How Google Crawls the Web

Google's discovery process begins with Googlebot, an automated web crawler that systematically browses the internet to find and download web pages. According to Google's official Search Central documentation, crawling is the first stage of a three-part process: crawling, indexing, and serving results.

Googlebot starts from a list of known URLs, then follows links on those pages to discover new content. Google maintains a crawl queue — a prioritised list of URLs waiting to be crawled — managed by a process called crawl scheduling. Pages with higher quality signals, more frequent updates, or more inbound links receive more frequent crawling.

Daily Crawl Volume

20B+

URLs crawled per day globally

Index Size

100B+

Pages in Google's search index

Crawl Budget

≤48hrs

Typical crawl interval for popular pages

How Googlebot Discovers URLs

Google uses several methods to discover new pages:

Sitemaps. Webmasters submit XML sitemaps through Google Search Console to directly inform Google of all important URLs on a site.
Link following. Googlebot follows hyperlinks on pages it has already crawled, which is why internal linking structure matters for crawl coverage.
URL submission. Webmasters can request individual URLs for crawling via the URL Inspection tool in Google Search Console.
Redirects. When a crawled URL redirects to another, Google may add the destination URL to its crawl queue.

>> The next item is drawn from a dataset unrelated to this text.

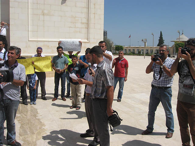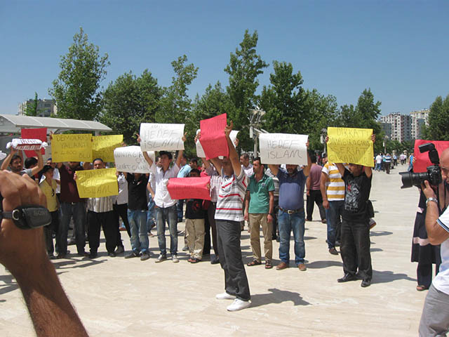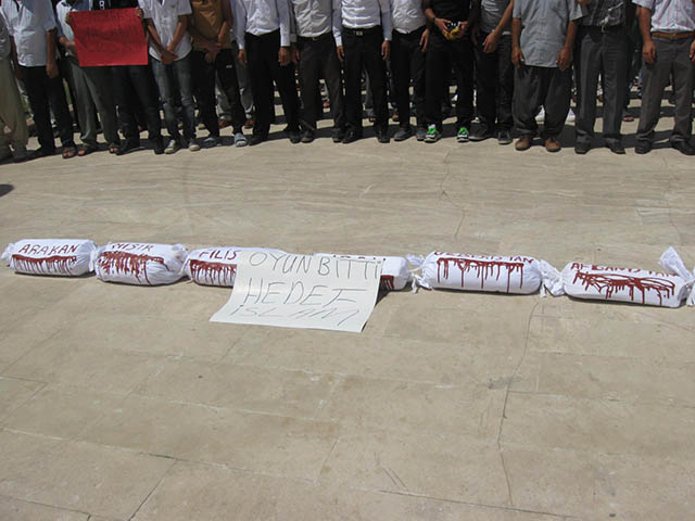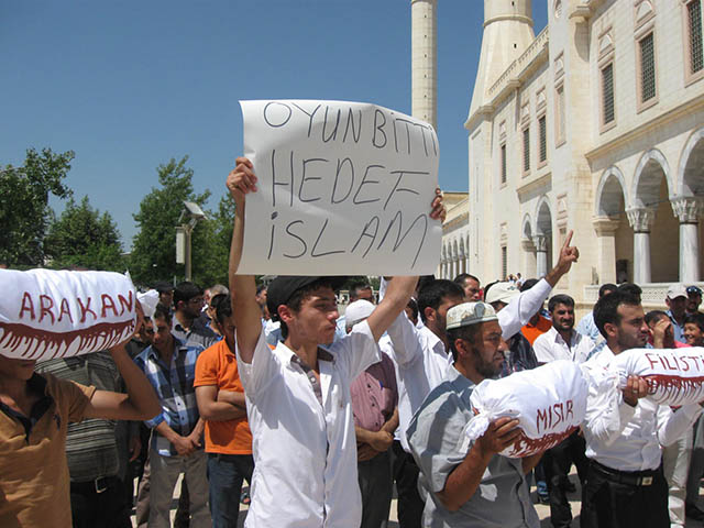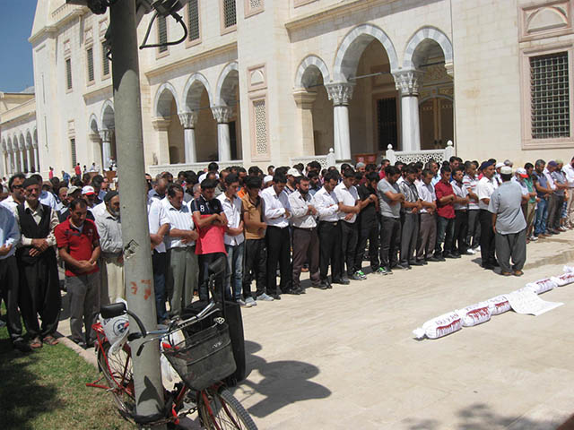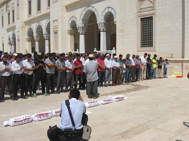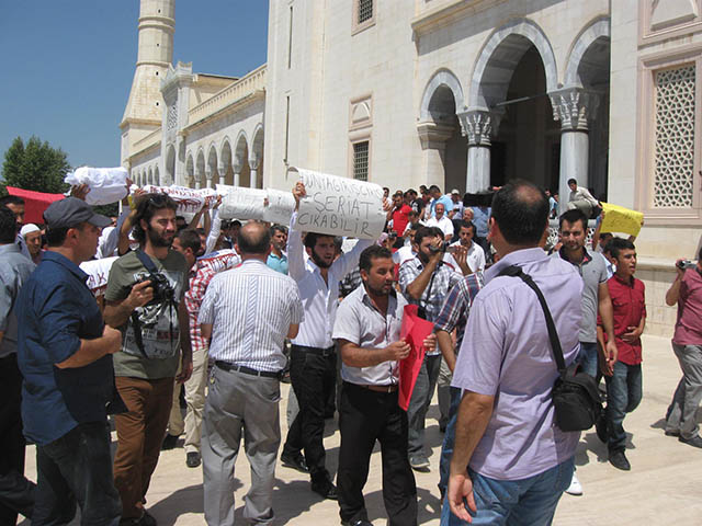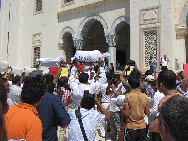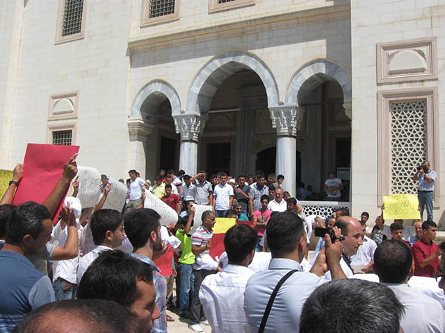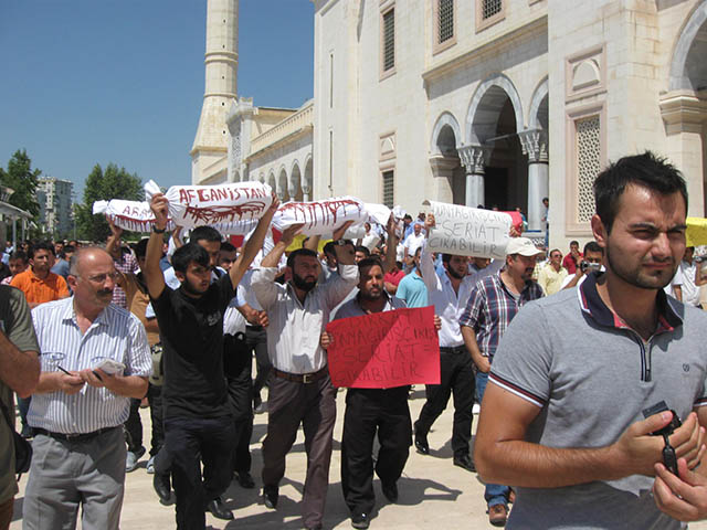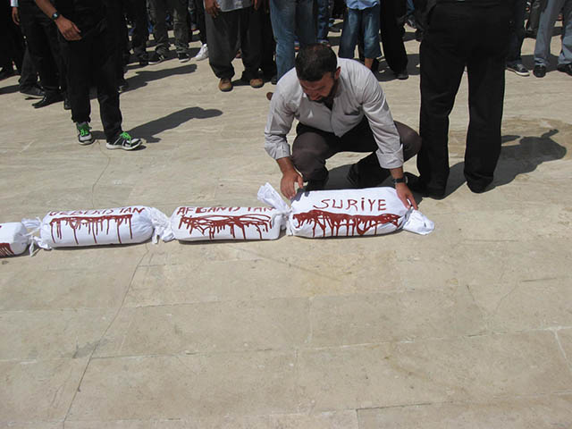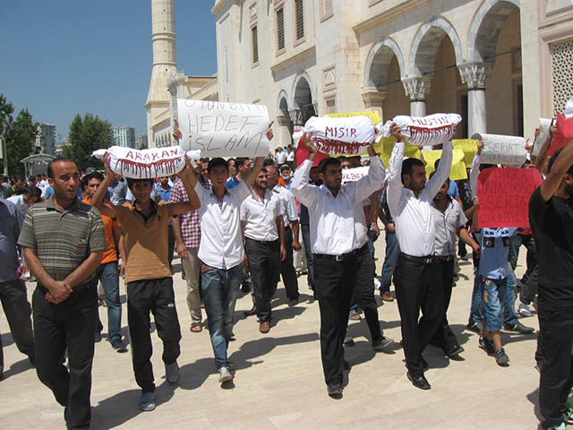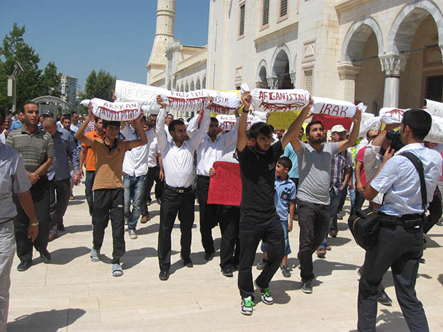 نظم شباب وأنصار حزب التحرير / ولاية تركيا في جامع صابانجي بمدينة أضنة اعتصاماً عقب صلاة الجمعة رفعوا فيه اليافطات المنددة بقتل المسلمين العزل في مصر والشام وفلسطين والعراق وأفغانستان وفي غيرها من بلاد المسلمين.. وأدووا بعدها صلاة الغائب على قتلى المسلمين في مصر والشام.

Crawl Budget and Crawl Rate

Google uses the concept of crawl budget — the number of URLs Googlebot will crawl on a given site within a given time frame. According to Google's official documentation, crawl budget is determined by two main factors: crawl rate limit (how fast Googlebot can crawl without overwhelming a server) and crawl demand (how much Google wants to re-crawl pages based on their popularity and freshness).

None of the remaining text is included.